Once again, he is a great success. However, when Charlie learns that Maggie is facing bankruptcy, he returns to her carnival. In the musical finale, he is happily reunited with Cathy.

Cast
Elvis Presley as Charlie Rogers
Barbara Stanwyck as Maggie Morgan
Joan Freeman as Cathy Lean
Leif Erickson as Joe Lean
Jack Albertson as Lou, a teahouse manager
Sue Ane Langdon as Madame Mijanou, a fortune teller
Pat Buttram as Harry Carver
Joan Staley as Marge
Dabbs Greer as Arthur Nielsen
Steve Brodie as Fred the Pitcher
Norman Grabowski as Sam
Lynn Borden as a college student
Jane Dulo as Hazel
Joel Fluellen as Cody Marsh, another roustabout
Wilda Taylor as Little Egypt, the principal dancer in the number "Little Egypt"

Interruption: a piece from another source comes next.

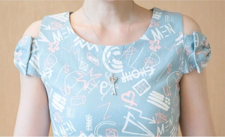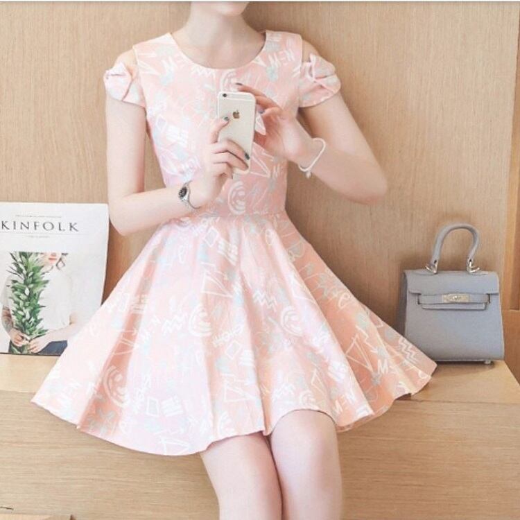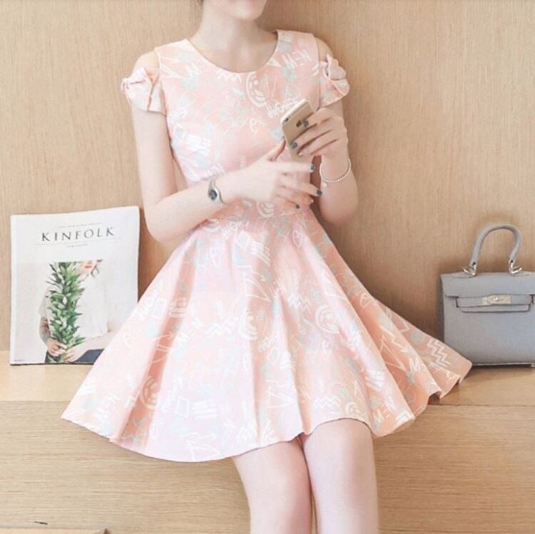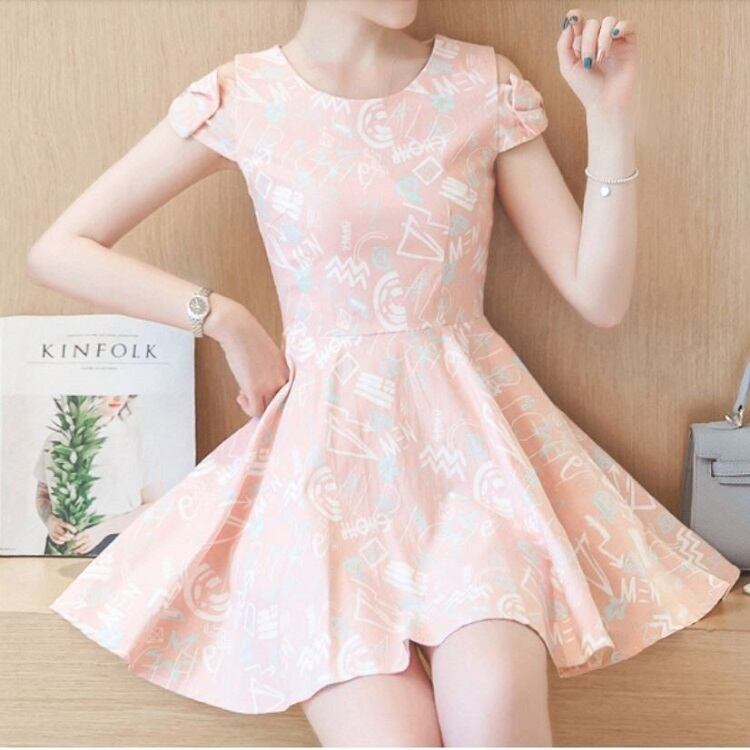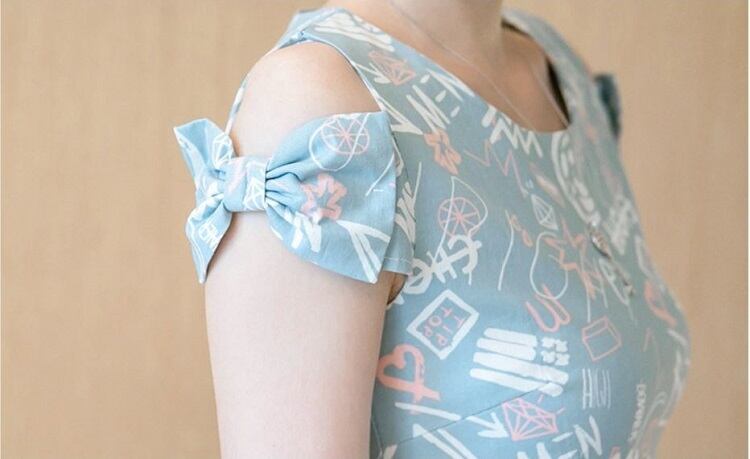 オープンショルダーのリボン袖が可愛らしいミニワンピース。
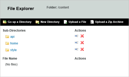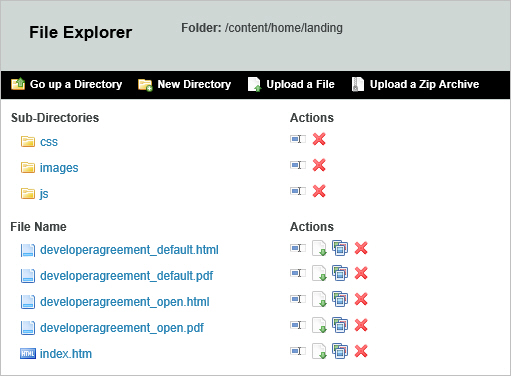 Content that can be uploaded to the platform includes API documentation, Online Help, Landing Page, Signup, and Support. Content will typically consist of HTML files, images that are referenced in the content, any custom styles sheets that support the content, and reference material (i.e., PDF's, diagrams, etc.) that are linked in the content.

Uncredited actors listed alphabetically:
Beverly Adams as Cora, a dancer
Billy Barty as Billy, carnival midget
Teri Garr as College Girl. Garr can also be seen as a backup dancer during several musical numbers.
Joy Harmon as College Girl
Richard Kiel as Strongman. Kiel is better known for playing "Jaws" in the James Bond movies The Spy Who Loved Me (1977) and Moonraker (1979)
Kent McCord as Carnival Worker
Raquel Welch as College Girl
Red West as Carnival Worker

Musical numbers
See also Roustabout (soundtrack)

"Roustabout" by Bill Giant, Bernie Baum and Florence Kaye
"Poison Ivy League" by Bill Giant, Bernie Baum and Florence Kaye
"One Track Heart" by Bill Giant, Bernie Baum and Florence Kaye
"Wheels On My Heels" by Sid Tepper and Roy C. Bennett
"It's a Wonderful World" by Sid Tepper and Roy C. Bennett
"It's Carnival Time" by Ben Weisman and Sid Wayne
"Carny Town" by Fred Wise and Randy Starr
"Hard Knocks" by Joy Byers
"There's a Brand New Day On the Horizon" by Joy Byers
"Big Love, Big Heartache" by Dolores Fuller, Lee Morris and Sonny Hendrix
"Little Egypt" by Jerry Leiber and Mike Stoller
"I'm A Roustabout" by Otis Blackwell and Winfield Scott, a different and unreleased theme song for the movie

All tunes in the film were sung by Presley.

Reception

Roustabout reached #8 nationally at the box office in 1964 based on the Variety survey. The film finished as #28 on the year-end list of the top-grossing movies of 1964 and earned $3 million at the box office.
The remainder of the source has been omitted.